● **About this exercise**: Everything in the listing below should be repeated exactly, apart from the pictures.

● **Collected data**:

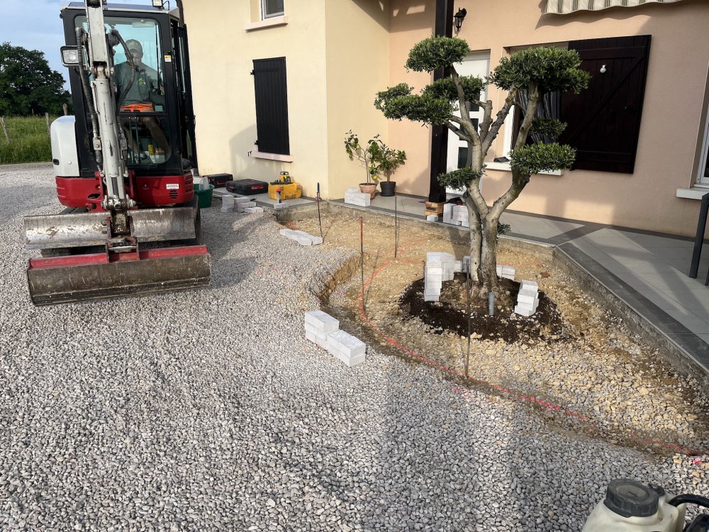 EMDE, votre artisan a réalisé un Aménagement extérieur : création d’un massif décoratif avec délimitation en pavé en pierre naturelle de Côte d’Or à Bletterans.
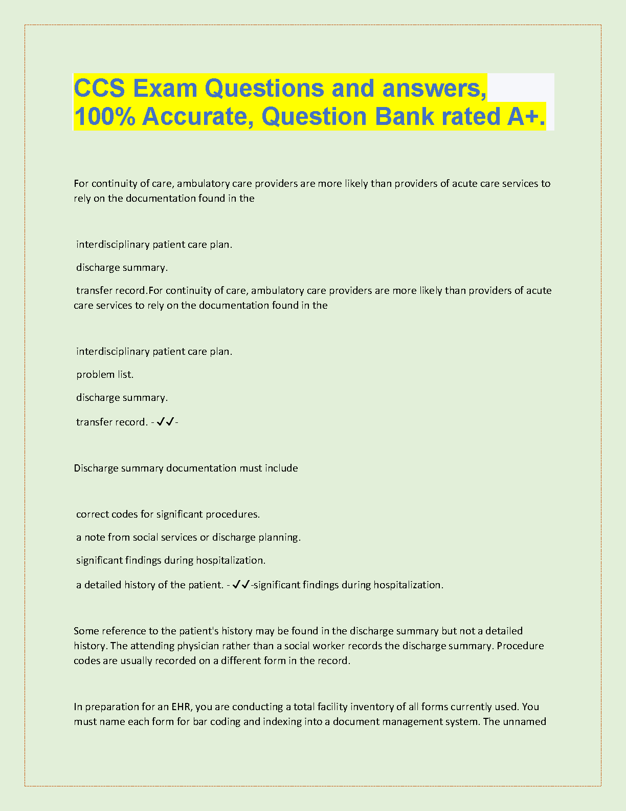 Ace your CCS exam on the first attempt with this comprehensive question bank, meticulously crafted for the 2024-2025 academic year. 100% accurate and A+ rated, this resource ensures you're fully prepared for exam day, avoiding costly resits. Covering key concepts and providing in-depth explanations, this resource is your ultimate guide to success.
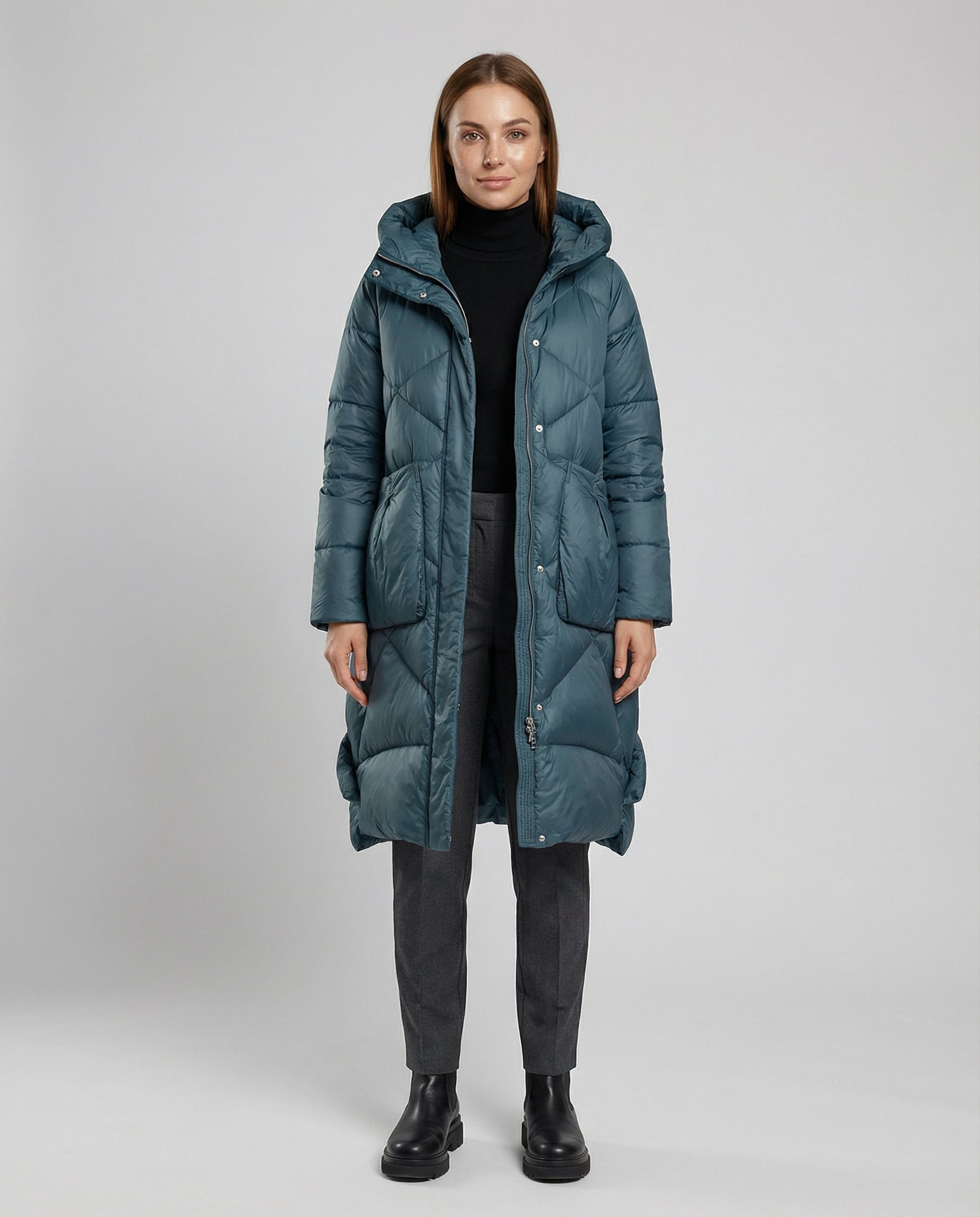 Long winter jacket in loose fit with quilted structure, hood, and full-length zipper.

● **Response area**:
 EMDE, votre artisan a réalisé un Aménagement extérieur : création d’un massif décoratif avec délimitation en pavé en pierre naturelle de Côte d’Or à Bletterans.
 Ace your CCS exam on the first attempt with this comprehensive question bank, meticulously crafted for the 2024-2025 academic year. 100% accurate and A+ rated, this resource ensures you're fully prepared for exam day, avoiding costly resits. Covering key concepts and providing in-depth explanations, this resource is your ultimate guide to success.
 Long winter jacket in loose fit with quilted structure, hood, and full-length zipper.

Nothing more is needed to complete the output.